December 6, 2007

  • Are you serious????

    So, this past week, i came across a great deal on ebay.  Turns out it was fraudulent.

    This guy wanted me to wire money to some “broker agent” in Florida who works for Square Trade [a legitimate company] but the thing is, Square Trade doesn’t broker transactions; they only deal with warranties.

    So, this guy, “Bobby” and I have been exchanging e-mails; with each e-mail, he became progressively more aggressive, threatening to leave negative feedback if I didn’t send him that check for $3100… went on saying how he already paid for shipping, etc., and asked me if I was going to be one of those bad customers on ebay that would cost him $100 in shipping.  He wanted to send it UPS World Express, which is for international shipping, and there’s no way it would only cost $100.

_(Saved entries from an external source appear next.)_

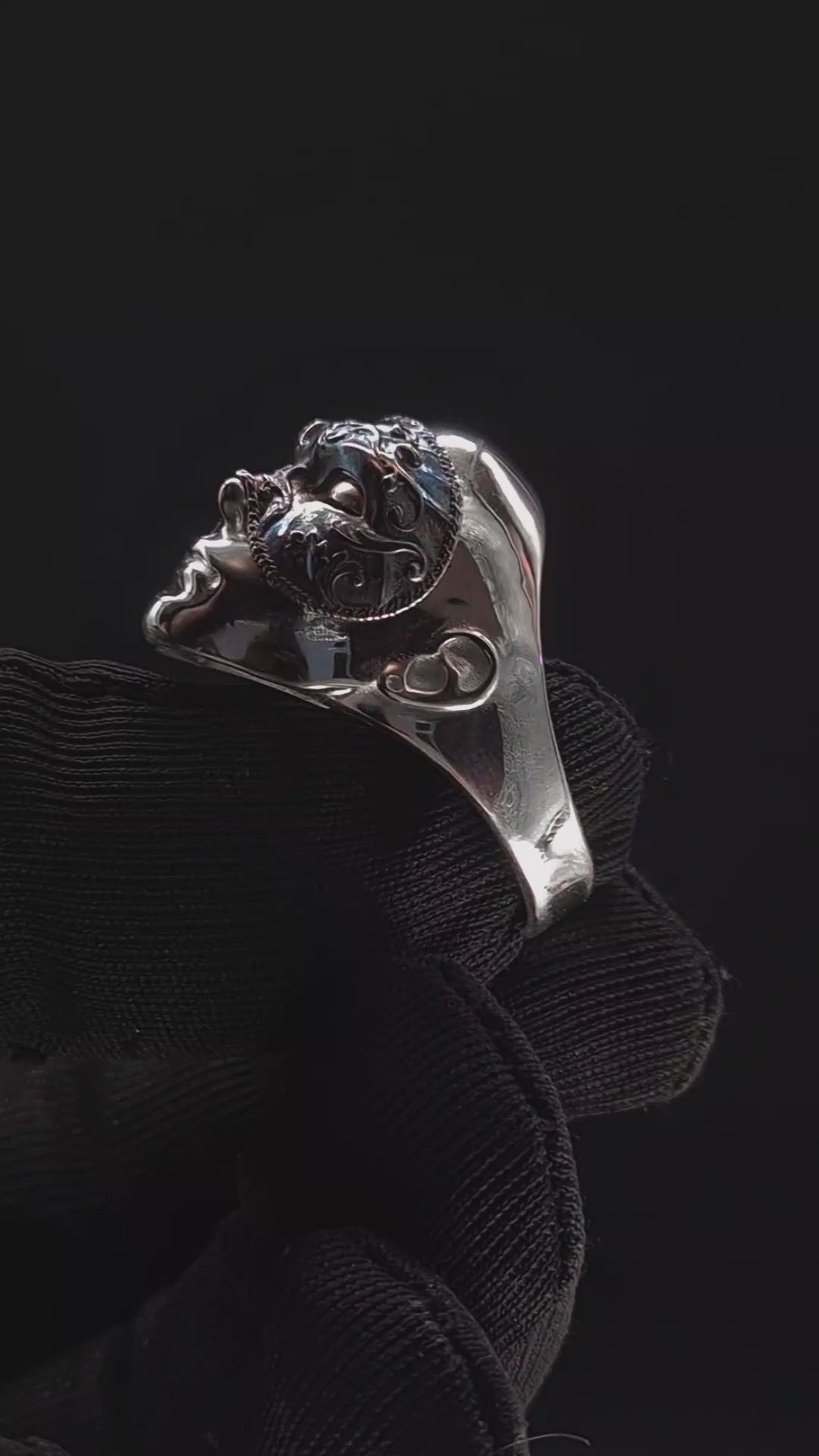 The Masque 2090 XGC ring, inspired by the masks worn delicately by the prosperous class at 16th century balls, features a mirror-polished face adorned with a unique rainbow-glazed patina masquerade mask, intricately fashioned from high-quality .925 Sterling Silver. Its visage is embellished with captivating 3mm opal eyes. Notably, the eyelids exhibit an enchanting motion, gracefully opening and closing with each movement
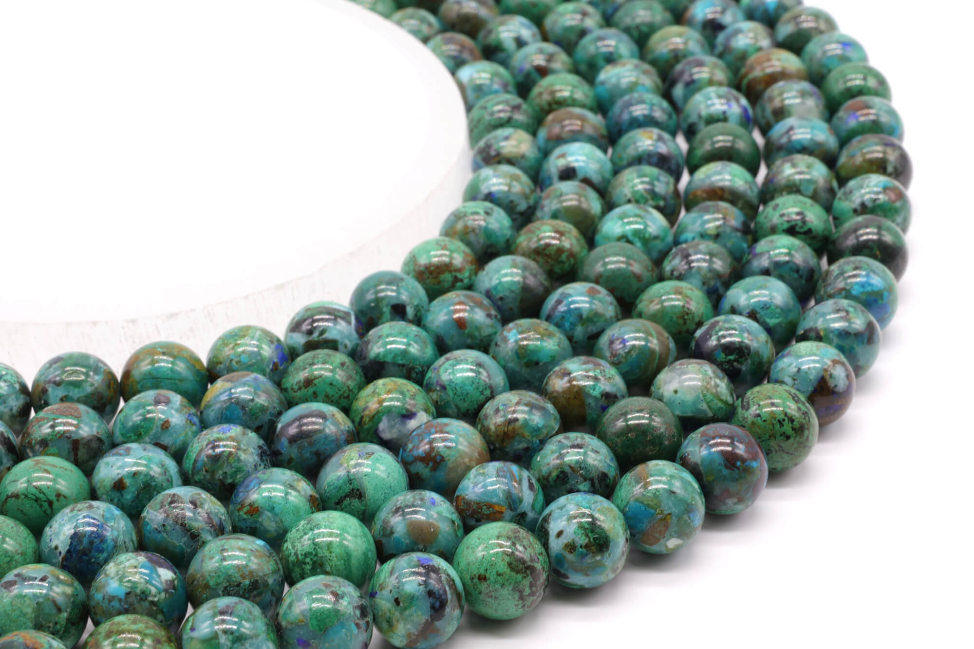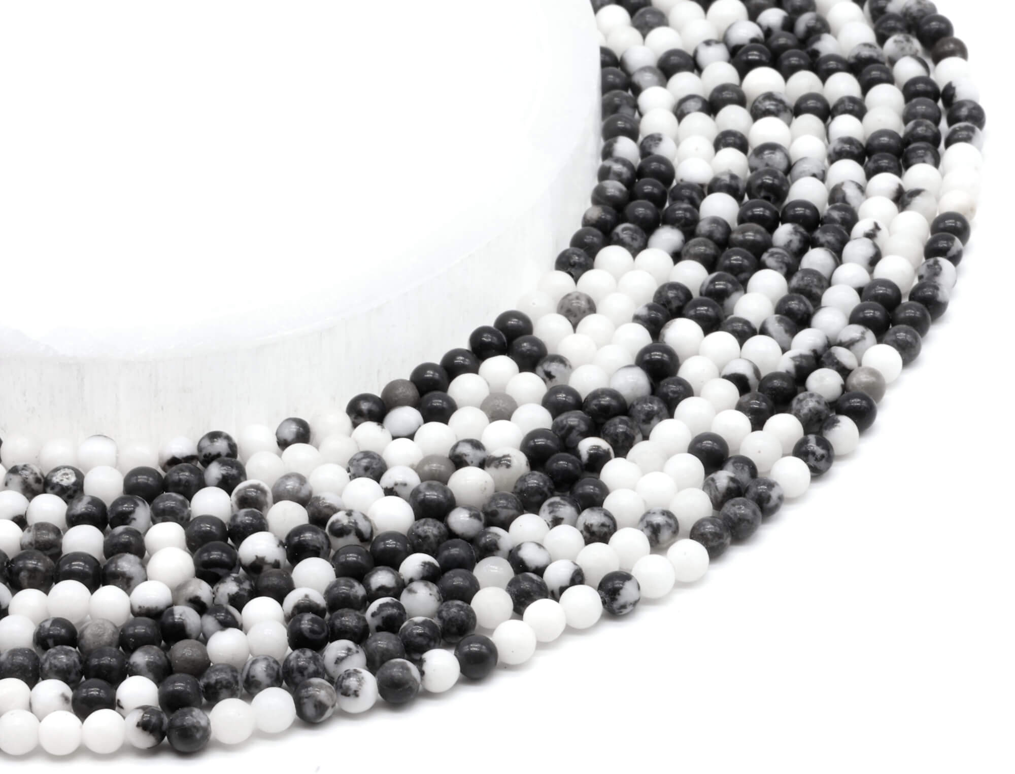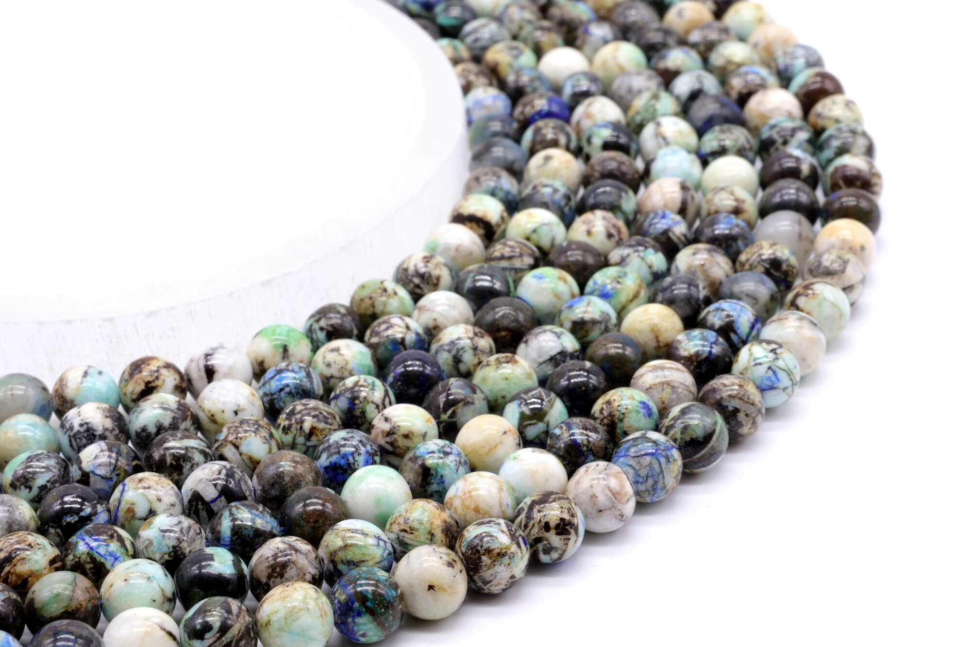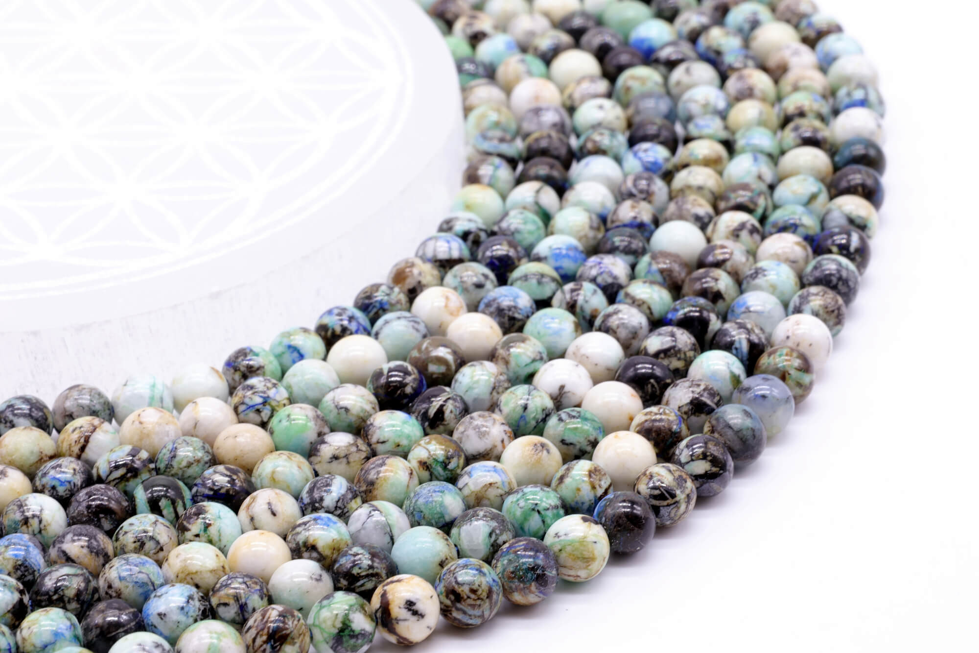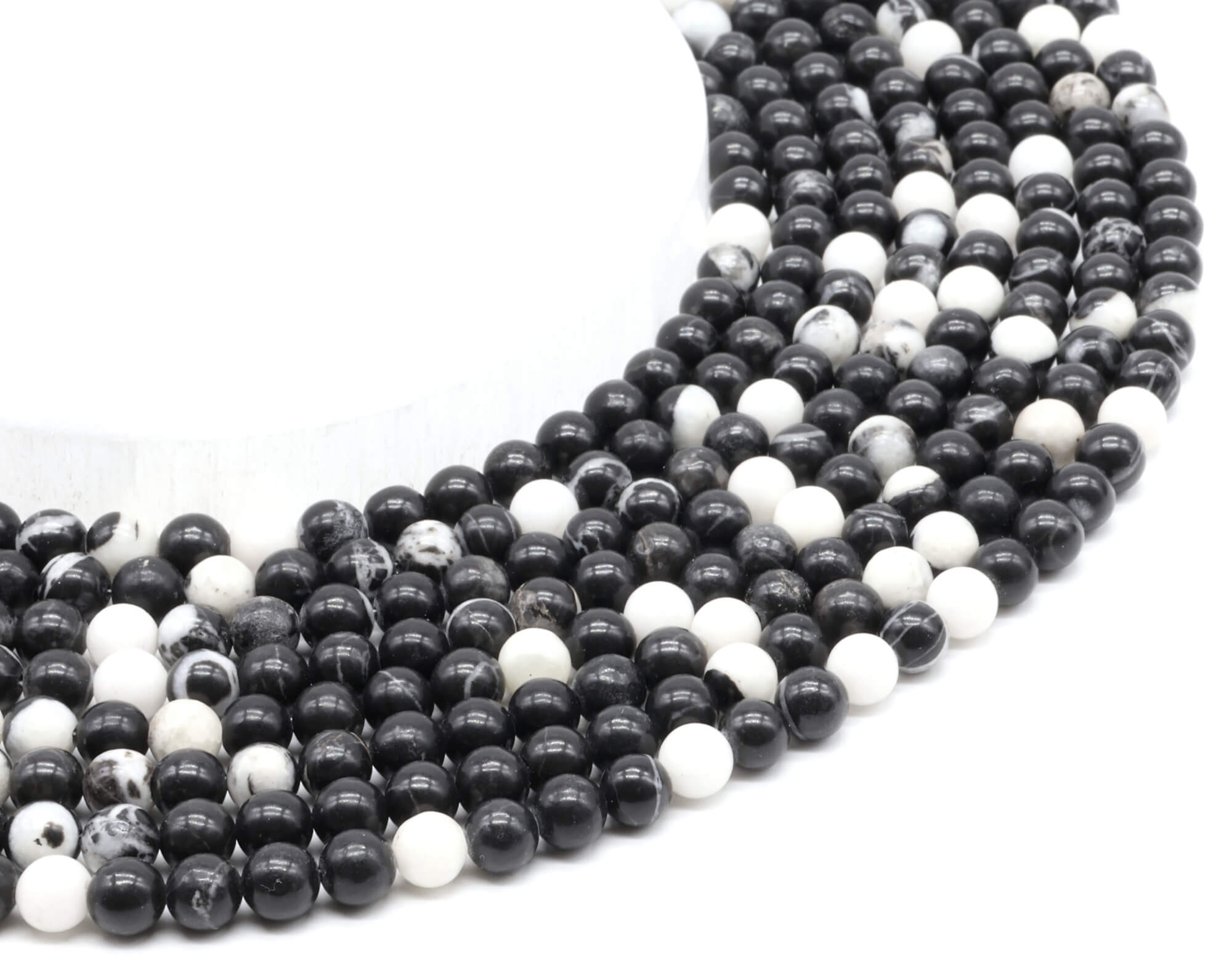 Trabalhamos, para as pérolas, com um agente de importação que nos dá plena satisfação. Os minerais são importados dos 4 cantos do mundo, selecionados e depois montados no local sob a forma de joias. A origem da pedra bruta que serviu para a fabricação de cada fio de pérolas é mencionada na ficha do produto em questão.
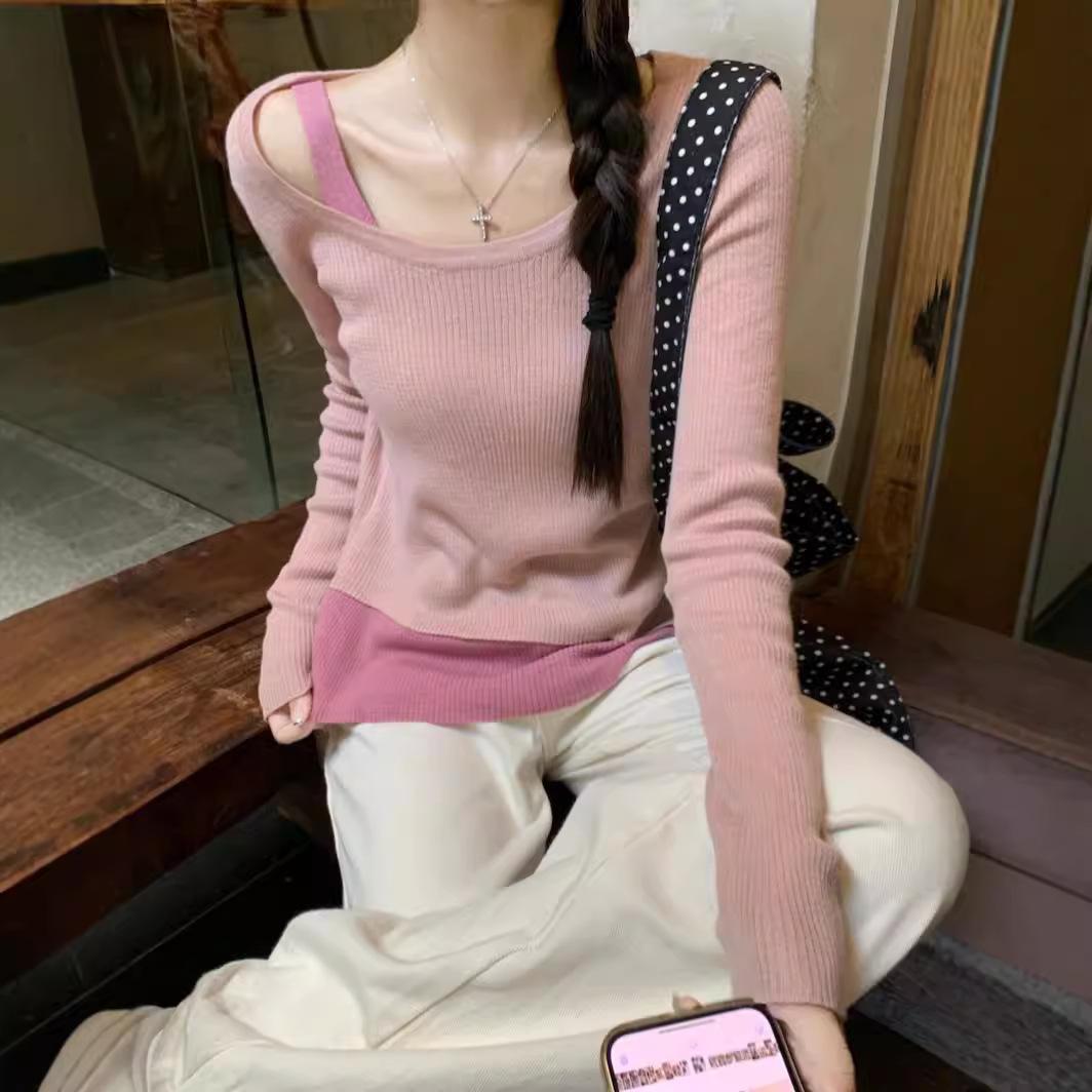 Women’s Autumn and Winter Strapless Pullover Knitted Irregular Sweater one size fits all różowy
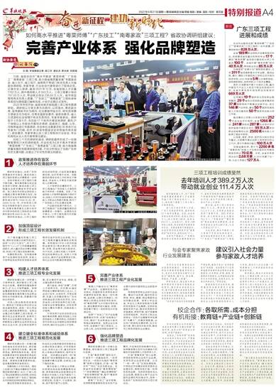 历经三个月的调研和座谈,调研组最终形成了一份凝聚智慧和汗水的调研报告,在这份名为《关于高水平推进“粤菜师傅”“广东技工”“南粤家政”三项工程 助力我省高质量发展的专题调研报告》里,不仅分析指出了当前广东存在的主要问题,还提出了针对性的意见和建议。
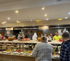 В этот приезд ресторан по организации- на два! В наплыв гостей не хватает столов , заранее открыть доп.зал не судьба. Быстро кончаются чашки для чая/кофе, хлеб и некоторые блюда на раздаче, оперативно не выносят. Большие очереди за едой. Грязные приборы попадаются. В рабочие дни ещё терпимо, а выходные-беда. С администрацией ресторана надо что-то делать...

    He even had an e-mail doctored to look like it was confirmation from ebay.  Amazing… because the e-mail address was legit but the content was not.

    The last e-mail I wrote him, I was like, “Are you serious?!?!”  He threatened me and said he would seek arbitration.  Can you believe that?!?!
    I even did a search for his mailing address and it doesn’t exist.  What nerve…

    I’m not upset because the deal was fraudulent so much as for the guy having the audacity to threaten me.
    I can only laugh… not so much.

    I told him I had confirmation from ebay and Square Trade that this deal is bogus…

    He claims his name is bobby riggins and he “lives” in New Jersey but the agent “Michael Griffin” is in Florida.  I suspect that “bobby” lives there, too.
    his e-mail addres is bob004806@aol.com
    his ebay user id is bob004806

    I only post this as a warning to others.

    Anyways, all you online Christmas shoppers, beware.  If it’s too good to be true, it really isn’t.

    God is good!
    Thieves are not.

October 18, 2007

  • forgiveness…

    “It’s been a while since I wrote in xanga…”  LOL.
    It’s such a cliche to write those words… Is it because I [and others] don’t know how else to start something that was long neglected, so we cop out with an overused phrase?
    Other phrases like, “It’s been too long”… really?  Too long?  Why did you let things get to the point of “too long”?  LOL

    I’ve been real busy and too lazy and/or forgot about writing in Xanga – that’s the truth. 
    But I want to try writing more often and consistently, because it’s better than not doing it… because if I write about something valid, it’s worth the time.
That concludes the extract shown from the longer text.